Investing for short-term consumption goals

      

Planning for financial independence or retirement

      Saving and investing money can make you feel good and in control. Ultimately, most folks are investing money to accomplish particular goals. Saving and investing for a car purchase, expenses for higher education, a home purchase, new furniture, or a vacation are typical short-term goals. You can also invest toward longer-term goals, such as your financial independence or retirement decades in the future.

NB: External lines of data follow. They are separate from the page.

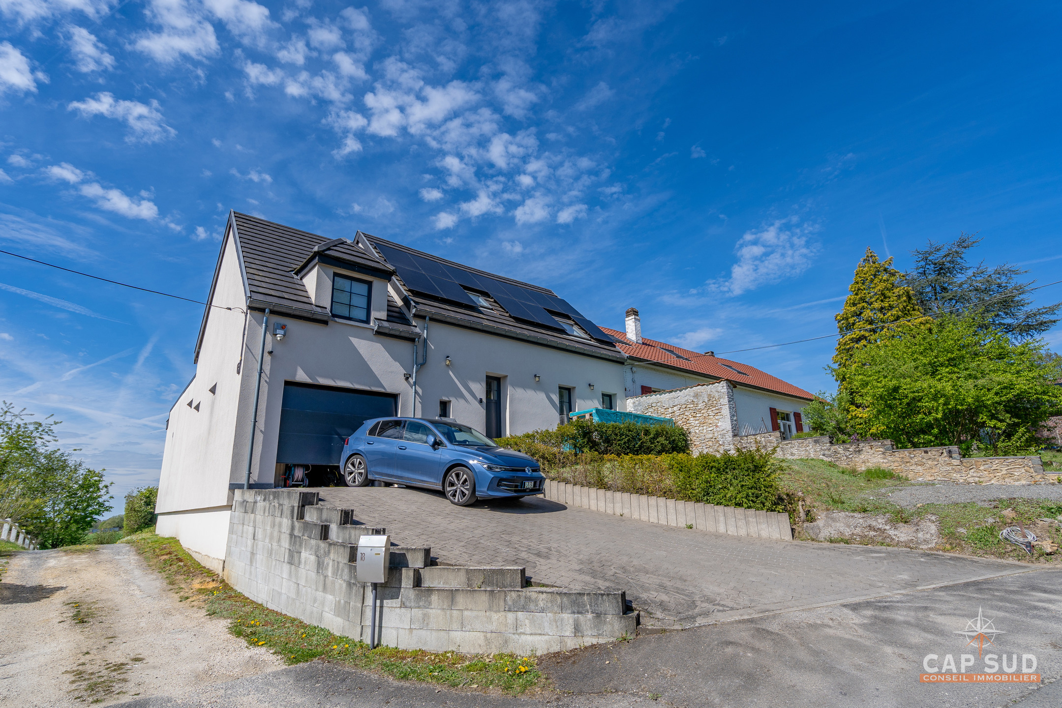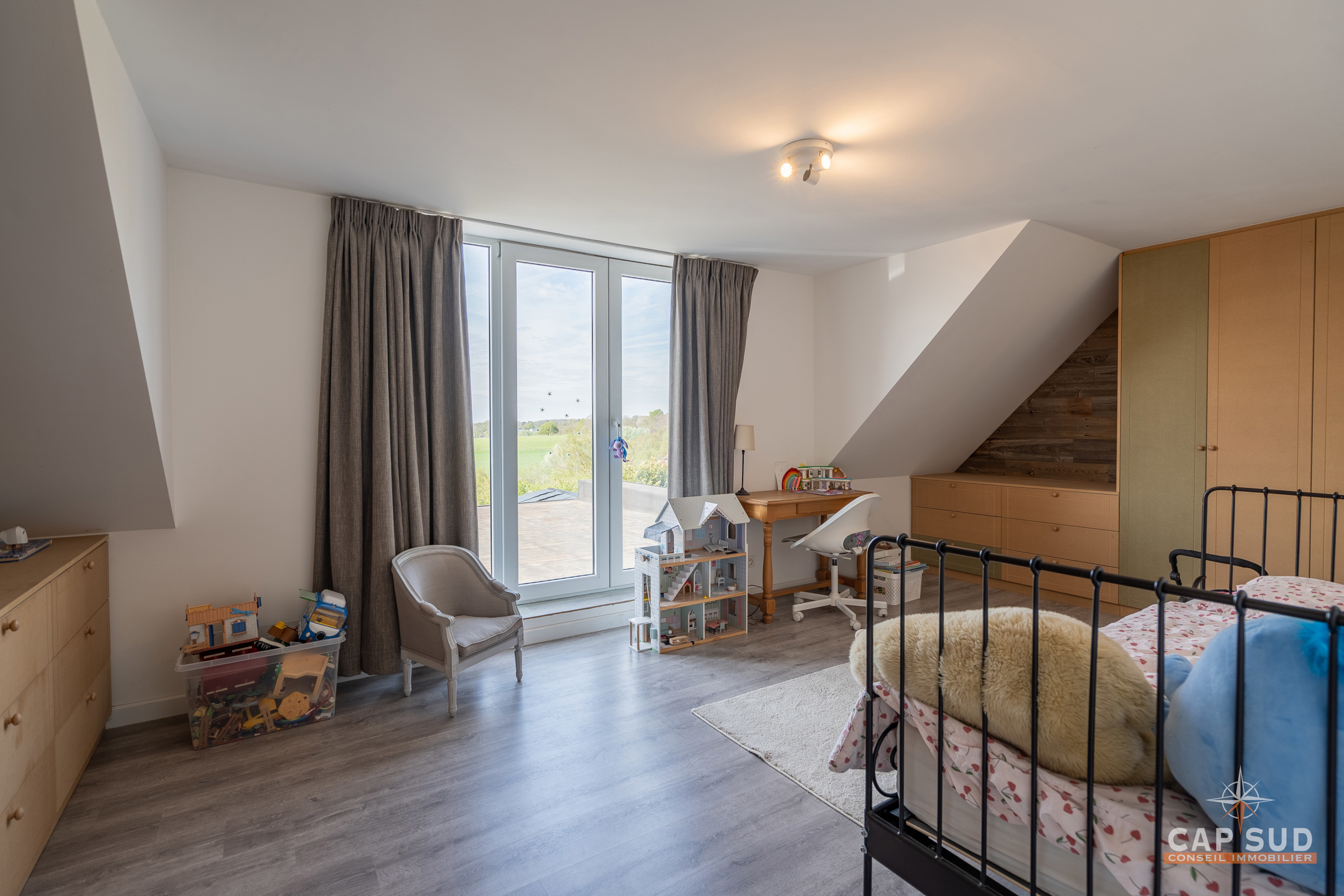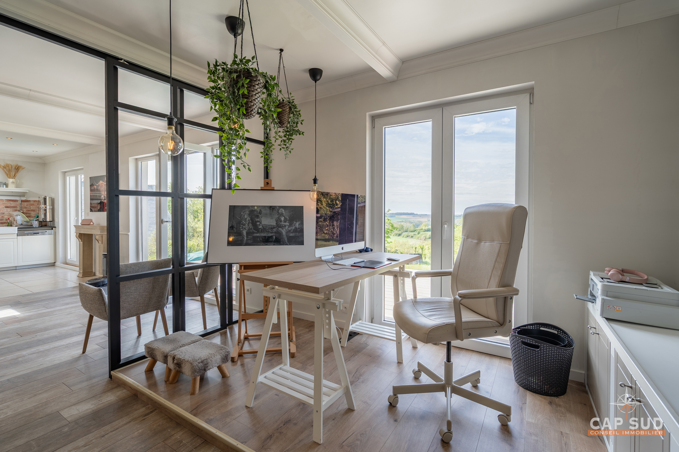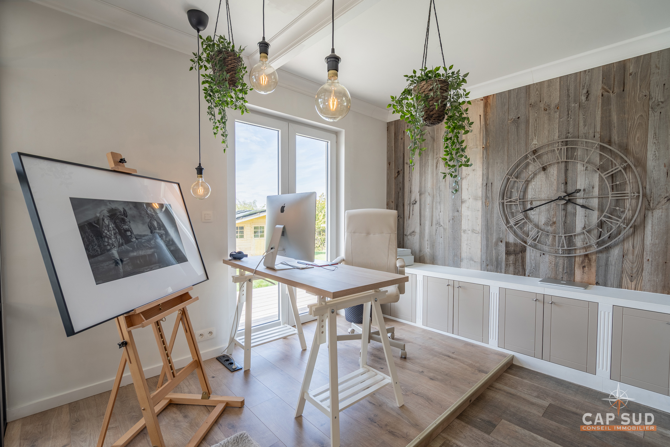 Dès l’entrée, un vaste hall vous accueille et s’ouvre sur un magnifique espace de vie de 80m², baigné de lumière, comprenant un séjour convivial et une cuisine super équipée. L’ensemble donne directement accès à la terrasse et au jardin, idéal pour profiter des beaux jours et des couchers de soleil.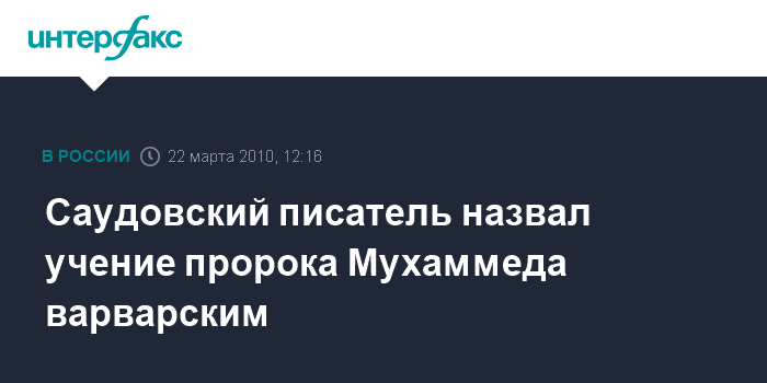 Саудовский писатель назвал учение пророка Мухаммеда варварским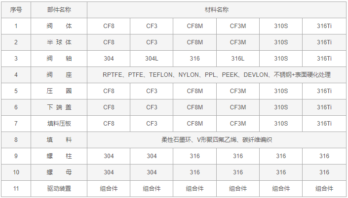 不锈钢偏心半球阀零件材料:

      This chapter discusses how you can use investments to accomplish common shorter- and longer-term goals.

      Unless you earn really big bucks or expect to have a large family inheritance to tap, your personal and financial desires will probably outstrip your resources. Thus, you must prioritize your goals.

      This section discusses common “shorter-term” financial goals — such as establishing an emergency reserve, making major purchases, owning a home, and starting a small business — and how to work toward them. Accomplishing such goals almost always requires saving money.

      Accumulating a rainy-day fund

      The future is unpredictable. Take the uncertainty simply surrounding your job: You could lose your job, or you may want to leave it.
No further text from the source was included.